**DATA EXCERPT**
━━━━━━━━━━━━━━━━━━━━━━━━━━━━━━

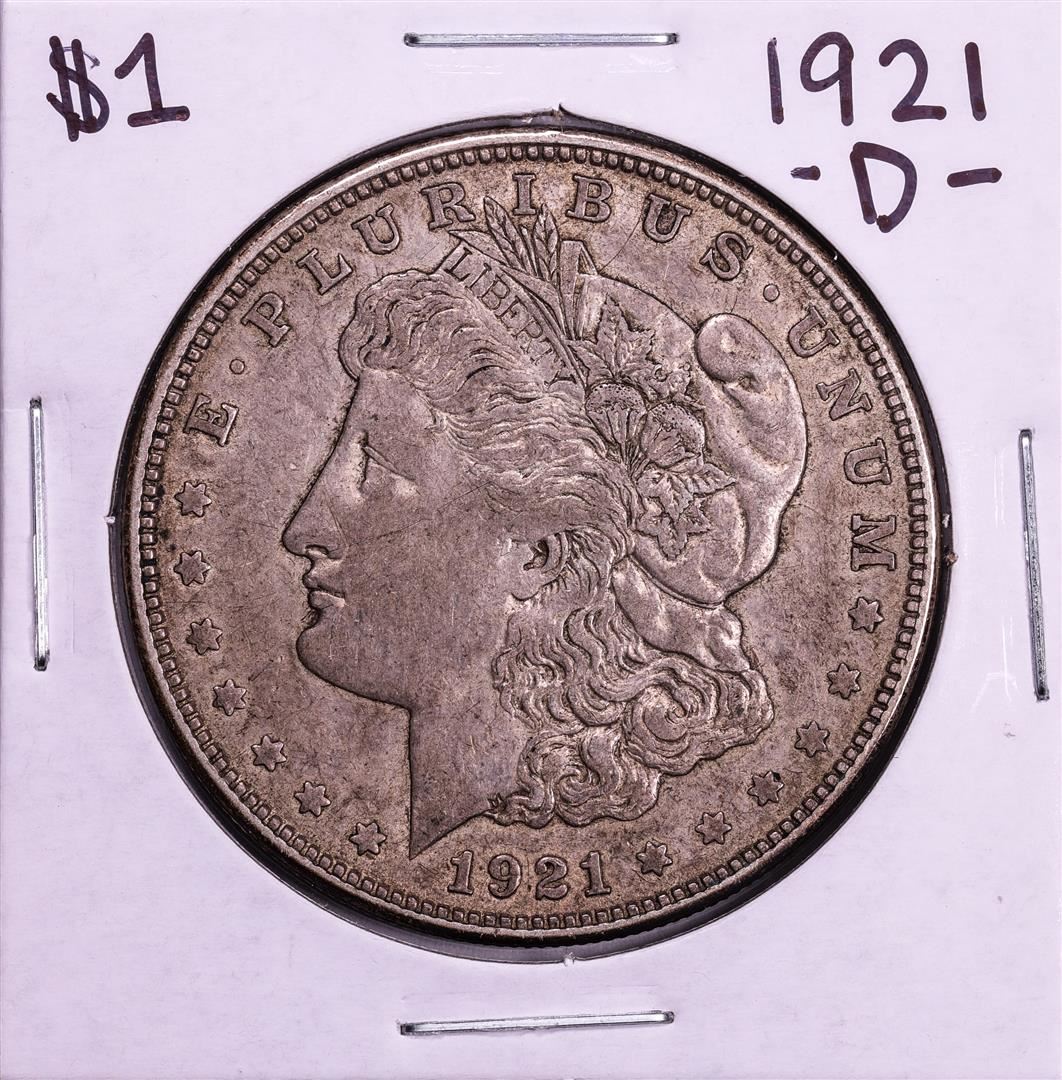 One 1921-D $1 Morgan Silver Dollar Coin.
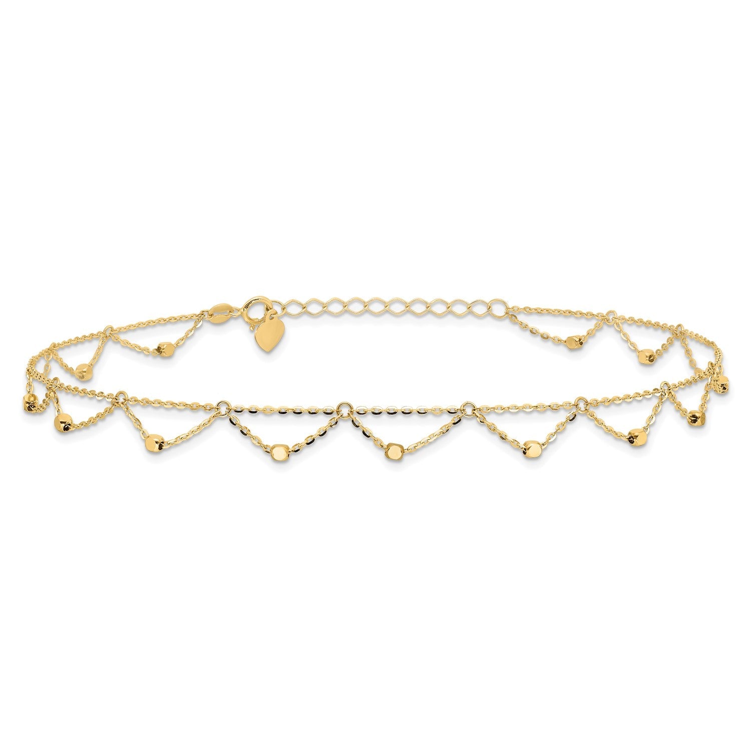 Elevate your style with this exquisite 14k real yellow gold high polished and diamond-cut fancy anklet. Crafted with meticulous attention to detail, this dainty ankle bracelet is the epitome of elegance and sophistication. Measuring 10 inches (25.4 cm) in length and adjustable up to 11.5 inches (29.2 cm), it ensures a perfect fit for a variety of ankle sizes. The high polish finish and diamond-cut detailing catch the light beautifully, adding a touch of glamour to any outfit. Whether you're dressing up for a special occasion or simply want to add a touch of sparkle to your everyday look, this anklet is a timeless accessory that will elevate your style. Lightweight and comfortable, it's the perfect piece to wear all day and night. Indulge in the luxury of real 14k yellow gold and make a statement with this stunning anklet.
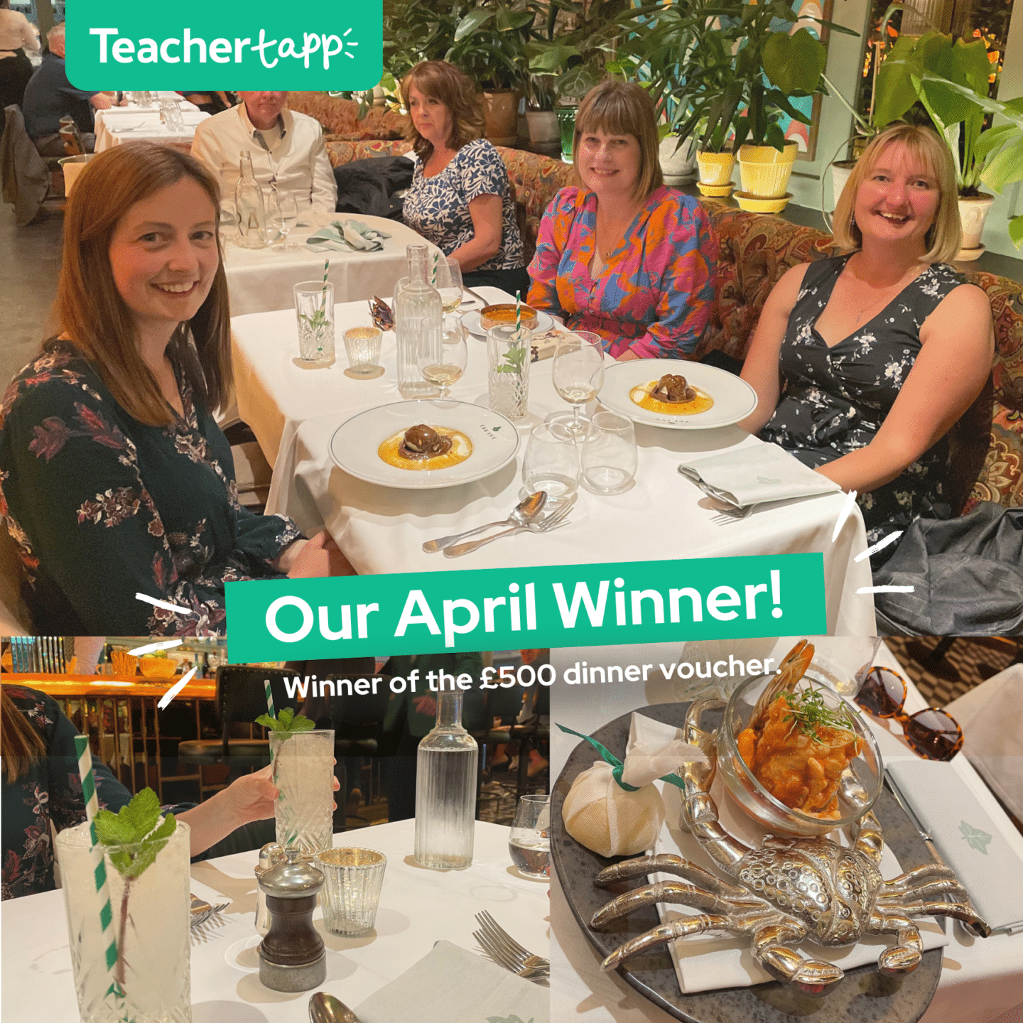 Here she is 👇 enjoying her dinner out on Teacher Tapp with her teacher friends. In the May half term, she took her work besties to The Ivy and Teacher Tapp picked up the tab. We particularly liked the green themed cocktails and like to think that was in honour of us 💚.

━━━━━━━━━━━━━━━━━━━━━━━━━━━━━━

Copy all of the data above exactly. Leave out every picture.

**ANSWER TO THIS EXERCISE**
 One 1921-D $1 Morgan Silver Dollar Coin.
 Elevate your style with this exquisite 14k real yellow gold high polished and diamond-cut fancy anklet. Crafted with meticulous attention to detail, this dainty ankle bracelet is the epitome of elegance and sophistication. Measuring 10 inches (25.4 cm) in length and adjustable up to 11.5 inches (29.2 cm), it ensures a perfect fit for a variety of ankle sizes. The high polish finish and diamond-cut detailing catch the light beautifully, adding a touch of glamour to any outfit. Whether you're dressing up for a special occasion or simply want to add a touch of sparkle to your everyday look, this anklet is a timeless accessory that will elevate your style. Lightweight and comfortable, it's the perfect piece to wear all day and night. Indulge in the luxury of real 14k yellow gold and make a statement with this stunning anklet.
 Here she is 👇 enjoying her dinner out on Teacher Tapp with her teacher friends. In the May half term, she took her work besties to The Ivy and Teacher Tapp picked up the tab. We particularly liked the green themed cocktails and like to think that was in honour of us 💚.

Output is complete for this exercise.